American culture today revolves around criticism of the entire political and social spectrum. Almost everyone is criticizing, and if you aren’t, then, well, you’re probably the one being criticized. A lot of people believe that others need to stop making such a fuss over our government, other people and how our society works. I’ll be honest, it does sound pretty intriguing; just accepting things the way that they are and not constantly tiring ourselves out by using our full mental capacity to worry about what’s going on in the world? It sounds like a vacation. But that ease of accepting our world the way we found it is the exact reason why we can’t, and it’s the reason why we need to question anything that makes us feel comfortable.
The foundation of the argument of not questioning is a very old and outdated view of kindness. It’s simple, and it makes sense when it is explained in terms of how it should be acted out. On paper, it’s the idea that we should always give everyone the benefit of the doubt because they probably didn’t mean to do something bad. It’s the idea that we shouldn’t put people in an uncomfortable situation just because they did something wrong. But when it’s really acted out on a large scale, it is also the idea that those who do good should be rewarded because they know that they’re doing good and that those who do bad should be punished, because they know that they’re doing bad. It’s a prejudicial system based entirely on our own assumptions and intuition, and if we use this system, we cannot recognize the intricacies involved in not only our own prejudices but in other people’s as well. It is not based on kindness. It is based on comfort, and if it is used on a large scale, it is destructive to those that fall victim to the majority’s prejudices.
I believe that I can speak for many people today when I say that we were taught to stand up for people who are bullied. Maybe a lot of us listened to what we were taught and actually defended those people. But that bullying was easy to recognize. It was spoon-fed to us on television, in films, in books, and in every lesson we were taught. There was always an easily distinguishable good and bad. These lessons did not prepare us for real life. Real bullying and oppression are complex, and sometimes, unless we are extremely educated on the topic, we do not even recognize it.

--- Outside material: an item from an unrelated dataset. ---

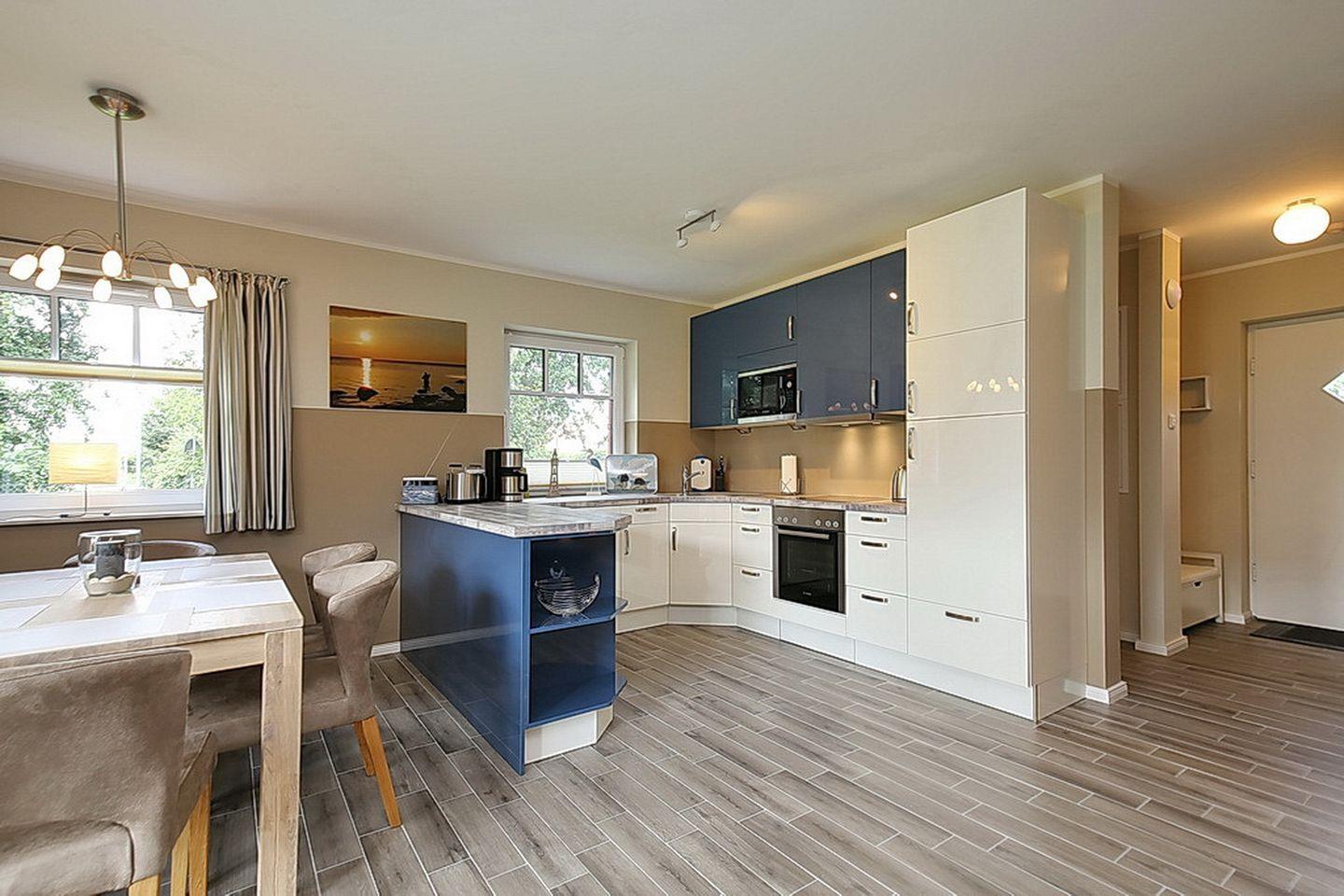 Modern und sehr geschmackvoll eingerichtet ist das Wohnzimmer. Für deine Unterhaltung stehen dir ein Flachbild-TV, ein DVD-Player und eine Stereoanlage zur Verfügung. Der Zugang zur großzügigen Südterrasse, die selbstverständlich möbliert ist, erfolgt direkt vom Wohnzimmer aus. In der hochwertig eingerichteten Küchenzeile findest du einen Geschirrspüler, eine Mikrowelle, einen Herd mit Cerankochfeld und Backofen, einen Kühlschrank mit Gefrierfach, eine Kaffeemaschine und vieles mehr vor.

Real life is so much more complicated than a simple good and bad. It is so much more complicated than any single idea. For example, when we were taught the history of the United States as children, we were shown the Good Founding Fathers fighting for freedom against the Bad British Empire that wanted to force the Good American Colonists into the Bad Monarchy. We were taught that the Bad People wanted slavery while the Good People didn’t (which is an extremely white-washed version of our history, and it doesn’t address the idea that Hey, Maybe Black People Didn’t Want Slavery Either! But I’ll get back to my point.). What our history did not tell us is that those Good Founding Fathers were not perfect. A lot of them owned slaves, and Alexander Hamilton was involved in America’s first real sex scandal, in which he cheated on his wife. Thomas Jefferson was racist and raped Sally Hemings, one of his slaves, many times over the course of many years. Now, I cannot begin to assess whether our Founding Fathers were good people. Sure, they were incredible scholars and extremely well written, but I have absolutely no idea of what they were like. But this proof of depth and actual flaws in those we were taught to admire most reminds us of all the gray areas life is made of, and it reminds us that we need to rely on ourselves to become educated so that we can come to our own conclusions.
Those flaws and complications can give depth to those on the other side of the spectrum too. In our society, drug use is a criminal offense. We were taught to never do drugs because they are Bad and the police will put you in jail, and only Bad People go to jail, so that must mean that people who do drugs are Bad People. But as we grow up, as we become more and more exposed to drug use, everything will be complicated. We will see our friends, people that we like, doing drugs, but we had always been taught that people who did drugs were Bad People. We are comfortable with that way of thinking, and we are comfortable with that way of thinking because we have never been directly affected or challenged. But once we become directly affected, once we are challenged, that way of thinking will be threatened because we actually think critically. We will figure out that an action does not make you a Bad Person because an action cannot define you. What defines you is your response to that action.
We have always associated certain actions with Good or Bad, and when people execute those actions, the person is judged and put into one of those two categories. This way of thinking does not allow any room for learning and growth, and it is, to be frank, quite ancient. It focuses on the past instead of the future, and it is not what I think of when I imagine the America in which I want to live. It is all too familiar, though, since it is the America that we live in today.
It might not be easy to constantly be critical of everything we are told. It might be the hardest thing we ever have to do. But life itself is not easy, and we cannot live it like it is. We cannot use an outdated system of categorizing specific actions into good and bad and using those actions to define a person. We cannot make a real decision until we are educated about the decision at hand, and we cannot rely on other people to spoon-feed us information of what is good or bad. We have to determine it ourselves, because if we live without questioning anything, we will be easily taken advantage of, and we won’t survive much longer as a democracy. If we live without questioning anything, we will be complicit in our own demise. Questioning what we are taught is the only way that we can make changes and leave our world better than we found it.